Regex to match the numbers that have between 1 and 4 digits from this string represention of an integer number?
Upvotes: 0
Views: 5123
Reputation: 363517
Anchors do the trick of not matching too much:
>>> pattern = re.compile("^\d{1,4}$")
>>> pattern.match("0").group()
'0'
>>> pattern.match("42").group()
'42'
>>> pattern.match("777").group()
'777'
>>> pattern.match("2012").group()
'2012'
>>> pattern.match("65535").group()
------------------------------------------------------------
Traceback (most recent call last):
File "<ipython console>", line 1, in <module>
AttributeError: 'NoneType' object has no attribute 'group'
Note the {1,4}
-- I'm assuming you don't want to match the empty string.

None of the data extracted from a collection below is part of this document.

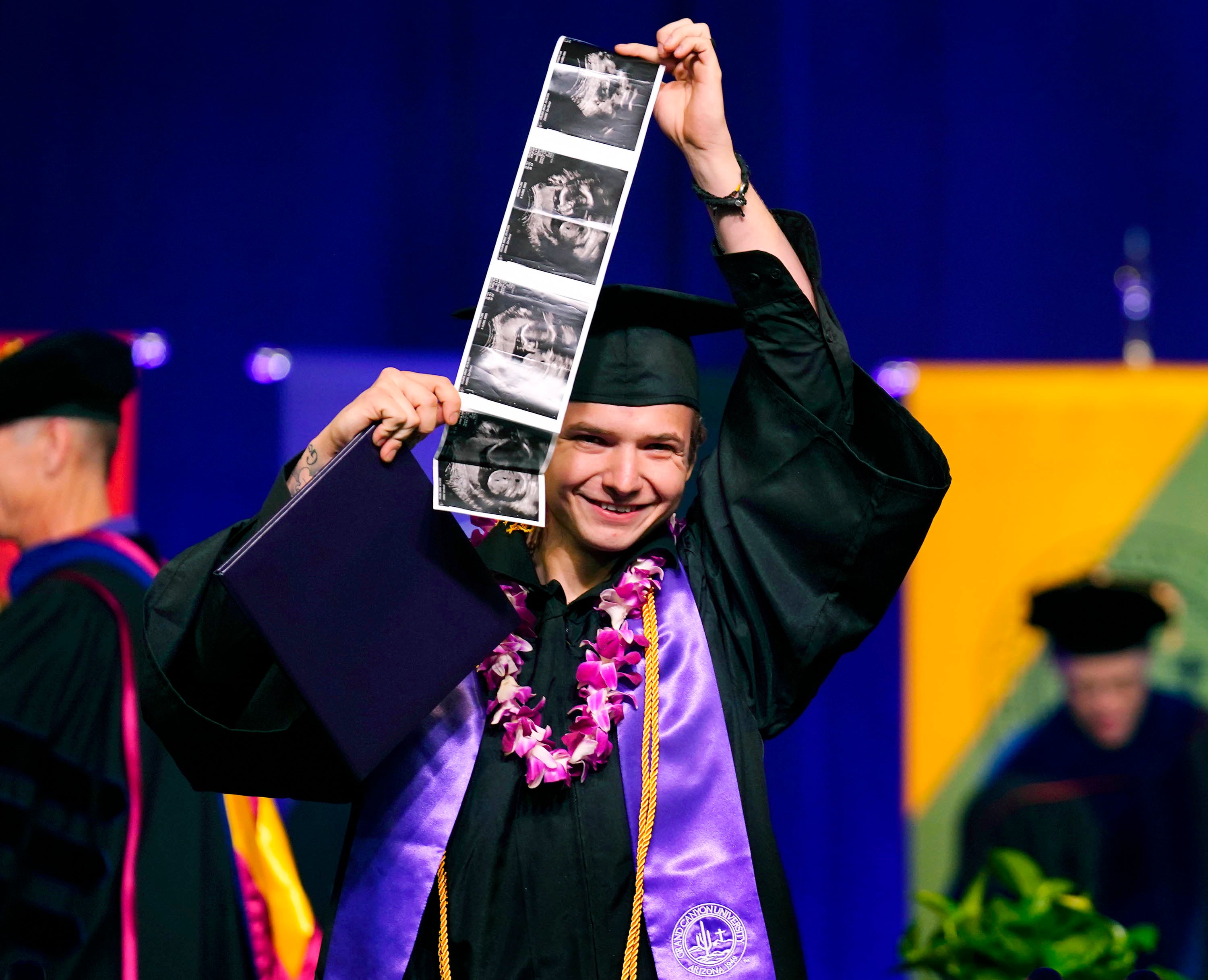 A graduate displays ultrasound images of himself during the Thursday morning commencement ceremony at Global Credit Union Arena on April 23, 2026. -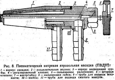 Пневматическая вихревая аэрозольная насадка (ИВАН) обеспечивает получение механических аэрозолей, пригодных для дезинфекции. Она состоит из корпуса со штуцером для подвода сжатого воздуха, трубки для введения жидкости в воздушный поток, регулировочного клапана и конусной разделительной втулки е винтовыми направляющими полосами (рис. 8). Разделительная втулка создает два потока воздуха. Один из Них (внутренний) проходит в кольцевом пространстве между трубкой для жидкости и внутренней поверхностью втулки, второй (наружный) направляется в пространство между внутренней поверхностью корпуса и наружной поверхностью втулки. Благодаря тому, что на наружной поверхности разделительной втулки имеются винтовые направляющие полосы, наружный поток воздуха приобретает спиралеобразное вихревое движение и выходит из сопла в виде широкого факела. Аэрозольная насадка работает следующим образом К одному штуцеру присоединяют шланг от воздушного компрессора (можно применять любой компрессор производительностью по воздуху порядка 30 м), а к другому- шлангдля подвода жидкости. Затем включают компрессор и, плавно открывая вентиль, обеспечиваю доступ жидкости в воздушный поток. С помощью тощ; же вентиля регулируется расход жидкости и дисперсивность аэрозоля. Насадка пригодна не только для распыления дезинфицирующих; растворов, но и для получения вакцинных аэрозолей.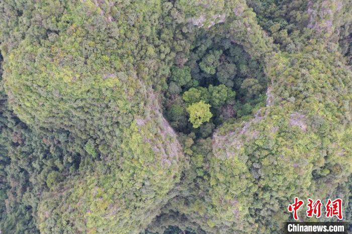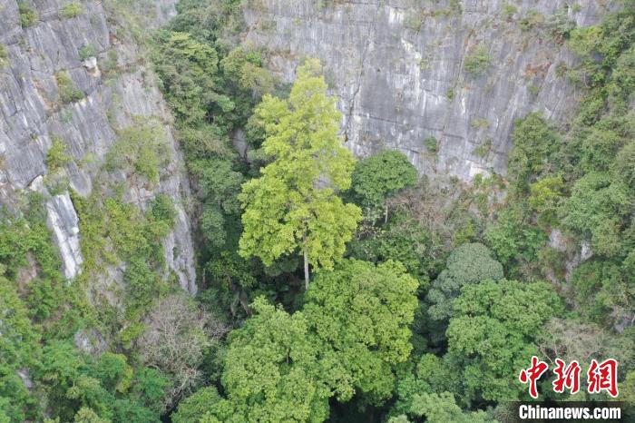 巨樹生長在峰叢洼地當中?!V西林業(yè)局供圖

However, this will not match 00001
, which certainly is in range.
A more robust alternative to regular expressions is to leverage Python's built-in integer parsing:
def parse_4digit_number(s):
i = int(s)
if 0 <= i <= 9999:
return i
else:
raise ValueError("{0} is out of range".format(i))
Upvotes: 3
Reputation: 4572
^ is start of line $ is end of line
You likely want words... not whole lines... so
\< = start of word
\> = end of word
\b is word boundry...
\< and > aren't supported in many languages...
so
\b(\d{1,4})\b
however that will match 22.33 as two separate matches.
You could avoid that by doing something like this.
(?:^|\s)(\d{1,4})(?:\s|$)
However that would miss
super duper 3333,and
So you would have to add "," or other puntuation to the list of trailing characters...
(?:^|\s)(\d{1,4})(?:\s|$|[,:;?])
However that brings us back to...
There were people numbering 5. Today...
The 5 would get missed! How do you tell the difference between that and "there were 55.55 percent of people"
Upvotes: 2